An den dingern kann man nicht mal eine netzwerkadresse ändern, ohne den pc und die nervige hp software.

Aus eigener erfahring kann ich brother empfehlen. Zb mfc 9332 gibt auch günstige zubehör toner und 3 jahre garantie.

Ich habe genau die gegenteilige Erfahrung gemacht.

3 Kollegen von mir haben einen Brother Drucker.
Die sagen alle: Nie wieder Brother.

Ich selber habe schon immer HP und noch nie Probleme damit gehabt.

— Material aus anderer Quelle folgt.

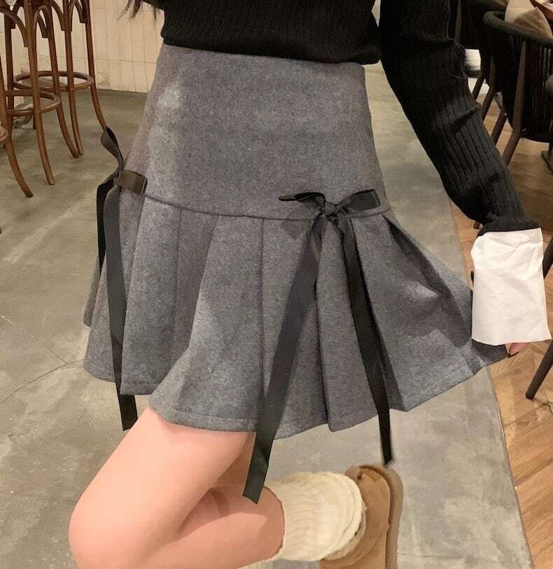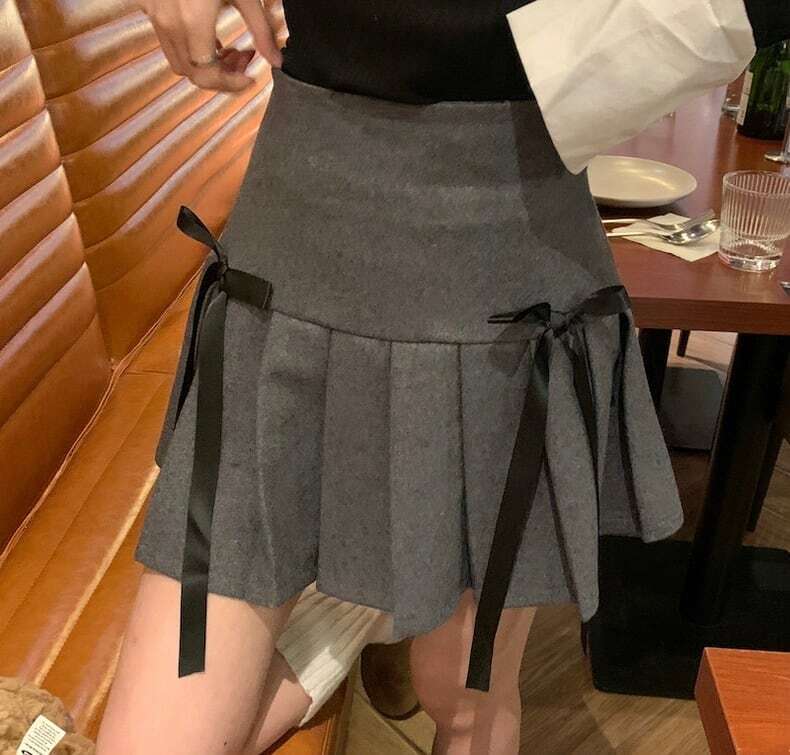 プリーツスカート リボンモチーフスカート ミニ丈 ガーリー E765
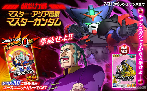 次的超總力戰中,「亞洲天王搭乘的天王鋼彈」將會登場。活動期間到7月31日(四)止,這段期間進行任務時將有機會跟「亞洲天王搭乘的天王鋼彈」交戰。
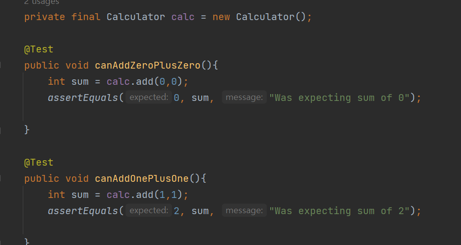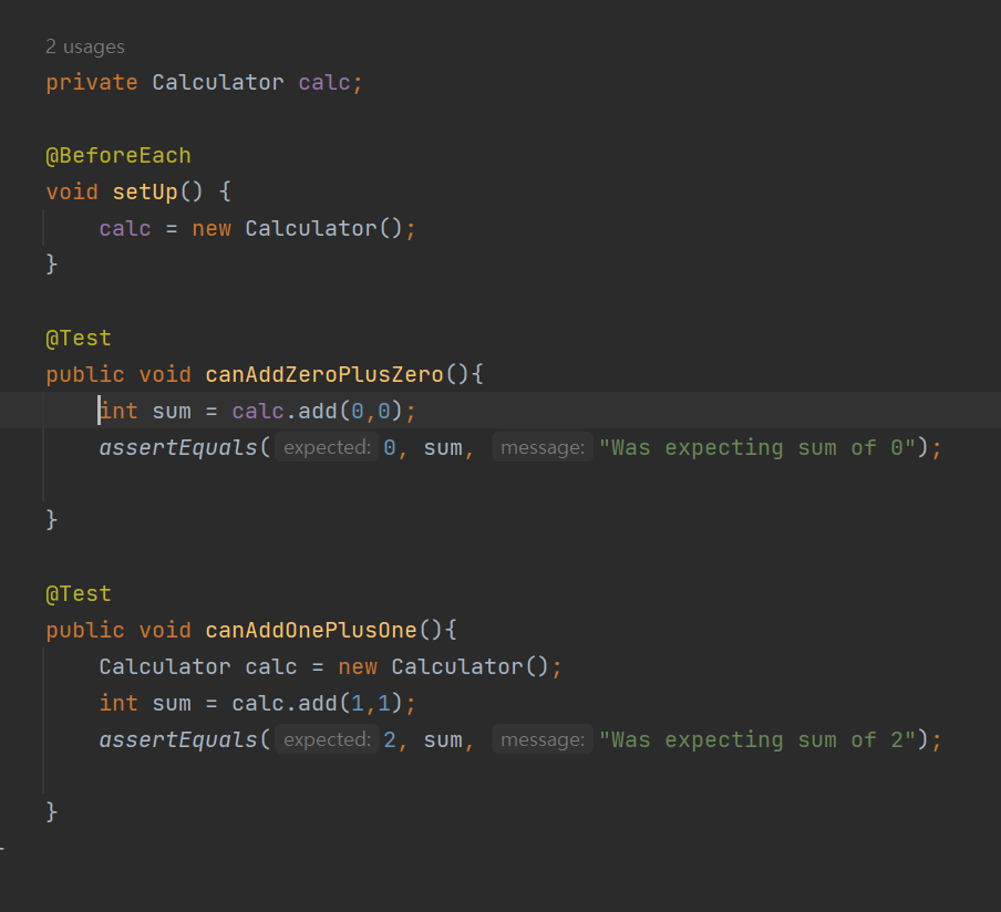 => then it would run this test method and ust that newly instantiated calculator which is stored in the variable

Netzwerkadresse ist kein Problem.
Die vergebe ich in der Fritzbox.
Fertig. Dann habe ich eine feste, ohne am PC oder Drucker was machen zu müssen.
 
Also zu HP würde ich auch nicht mehr greifen wollen. Aber gut.

Was du bei deinen Überlegungen IMO auf jeden Fall noch beachten solltest: Was sind die Folgekosten (Toner & Toner-Rest-Behälter). Insbesondere auch weil die mitgelieferten Toner i.d.R. nur eine extrem minimale Füllung haben, so dass man auch bei wenigen Druckaufträgen im Monat schnell nachkaufen muss. Außerdem sollte man IMO schauen, was der Drittanbietermarkt in Sachen Toner hergibt.

Zudem sollte man auch mal kurz googlen, wie sehr sich das Gerät sperrt, wenn der Seitenzähler für den Toner abgelaufen ist. Das Druckbild ist da zu 99% noch super / einwandfrei und man könnte noch locker etliche (50-100+) Seiten drucken, aber der Softwarezähler im Gerät sagt "Nö, ist nicht. Bitte neuen Toner kaufen" und das Gerät druckt nicht mehr. Je nach Drucker gibt es da kleine oder große Tricks, wie man die Sperre umgehen kann.